The iconic black and white snapshots from Birmingham, Alabama, shot by Charles Moore, a press photographer whose work probably did more than any other to build white support for the civil rights movement, are on prominent display. But so, too, are a number of works inspired by them. Birmingham, 1964, by Jack Whitten, is a three-dimensional of twisted aluminium foil, black paint and sheer stocking mesh, which looks like a bullet hole or gaping wound. At its heart is a photograph of the clashes between police and protesters in Birmingham.
Moore’s photography from those springtime street demonstrations also provides the inspiration for Andy Warhol’s Birmingham Race Riot. Using a black ink silkscreen print, he reproduces a section of the famed snarling dog shot. But the work seems to be too easy and derivative. Evidently, Warhol intended this 1964 painting to depict the indifference of the American people to the civil rights movement, but that itself is historically inaccurate. The public reacted to the events in Birmingham not with indifference, but with shocked indignance. They brought the brute force of southern racism into sharp focus, and helped build support for the 1964 Civil Rights Act.
Pop art was a movement that did not always do justice to the protest movement. It was based on parody and whimsy, with a focus on banal commercial objects, but the civil rights movement did not easily lend itself to this kind of quirkiness or frivolity. Still, Faith Ringgold’s Flag for the Moon: Die Nigger is a striking work, in which the stripes of Old Glory appear as prison bars. So, too, is The Confederacy: Alabama by Robert Indiana. The work is part of a series of paintings – first exhibited in 1966, alongside the debut showing of Indiana’s famous LOVE painting, with its distinctive slanted ‘O’– that depict the states of the Old Confederacy. At first glance they like gaudy advertisements, but each carry the dark admonition: “Just as in the anatomy of man every nation must have its hind part.”

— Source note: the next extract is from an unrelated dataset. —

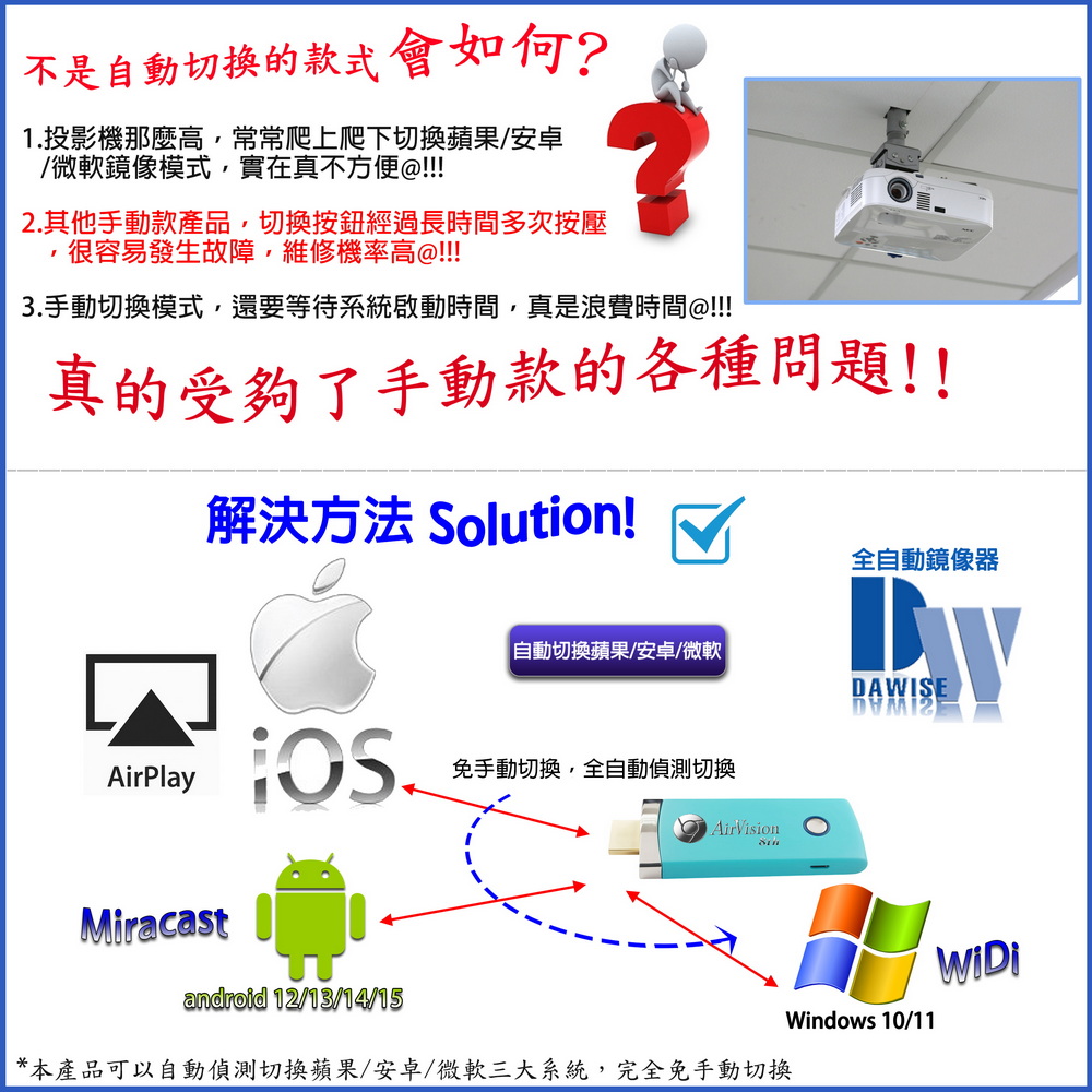 隨時隨地大螢幕娛樂操作簡單影音投影一機多用,教學娛樂導航全搞定免安裝任何軟體無線連結,影音同步分享支援蘋果/安卓/電腦無線投影可電腦直接電視同步顯示高畫質輸出,高速穩定傳輸《商品介紹》隨著智慧型裝置普及,手機、平板、電腦已成為日常不可或缺的工具。但螢幕太小往往影響學習與娛樂體驗。現在,只要一個 無線投影器,就能輕鬆將螢幕畫面同步到電視或投影機,大螢幕享受更清晰、更震撼!隨插即投:操作簡單,免驅動免APP。跨平台支援:支援 iOS / Android / Windows / Mac OS。高畫質輸出:支援 Full HD ,清晰不卡頓。穩定傳輸:低延遲設計,影音同步。輕巧便攜:出差、上課、居家,一機搞定。【應用場景】居家娛樂:追劇、看電影,大螢幕更沉浸。遊戲對戰:手機秒變遊戲主機,刺激加倍。教育教學:課堂同步投影,互動更生動。會議簡報:商務展示更專業,告別繁瑣連線。汽車導航:手機地圖投影到大螢幕,安全又直觀。《注意事項》1.如果要使用在汽車的螢幕投影,請先確認汽車是否有HDMI或AV影音輸入,請確認後再進行購買。2. 本商品是HDMI影音傳輸介面,如果是汽車是AV(黃白紅三色插孔)則需要另外自行準備HDMI轉AV的轉換器才可以使用。《商品配備》無線影音鏡像傳輸器 x1說明書 x14大好禮: USB充電器x1 + USB供電線x1 + HDMI延長線x1 + (手機支架x1 或 指環扣x1 兩款隨機出貨其中一款)《商品規格》廠牌: Dawise型號: 八代WD39顏色: 青翠色支援的設備: 蘋果,安卓,微軟裝置支援影音同步傳輸模式: AirPlay/Miracast/DLNA/WIDIUSB供電(DC+5V)HDMI連接電視產地: 中國產品保固: 主機保固3個月,配件/贈品保固1個月,保固範圍不包含人為損壞。《注意事項:》產品顏色可能會因為相機拍照色偏因素而有差異,請以實際出貨為準。《NCC認證字號》 CCAJ15LP0827T6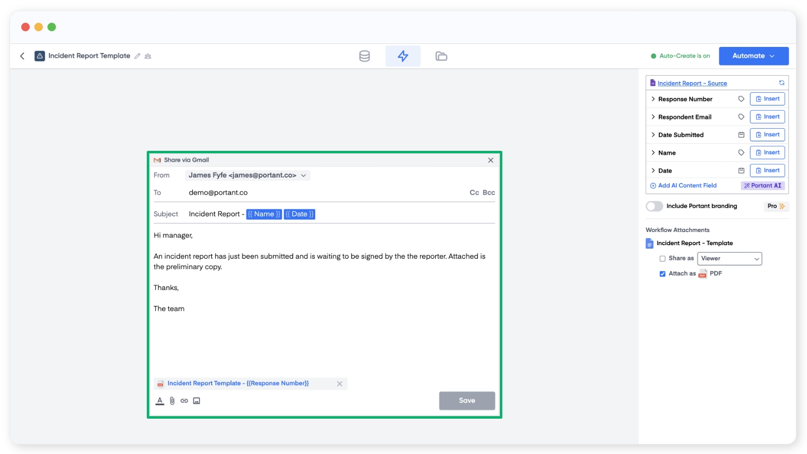 You can also attach document output(s) from your workflow to the email. For example you can select to share Google Slides/Docs with Viewer, Commenter or Editor permissions or attach a PDF to the email.

Perhaps the most eye-catching work is Lawdy Mama by Barkley L Hendricks, a portrait of a staggeringly beautiful woman with a halo-like Afro haircut, which is set against the kind of gold-leaf backdrop normally associated with Greek and Russian Orthodox religious icons. Fittingly, it is the centrepiece of a section of the exhibition celebrating Black is Beautiful, the cultural movement that challenged white concepts of beauty and the notion that dark skin, afro hair and African features were inherently unattractive.
Like the snarling dogs from Birmingham, the conical hoods of the Ku Klux Klan are a recurring motif, especially in the works Philip Guston. In City Limits by the painter, three Klansmen are crammed into a car, looking like thuggish clowns as they cruise through an empty cityscape.
Marking such an important anniversary, this is an especially timely exhibition that captures the mood, spirit and injustice of the tumultuous decades of the civil rights era: the ugliness and brutality of racism, the outrage it provoked, and the courage and dignified rage of the protesters who fought and sometimes died to enjoy the full menu of basic rights. It goes a long way towards filling a cultural lacuna, and grants recognition to American artists who themselves sought to hammer at the wall of prejudices, but who did so with their paintbrushes.
Nick Bryant is BBC News’ UN correspondent and is the author of The Bystander: John F Kennedy and the Struggle for Black Equality.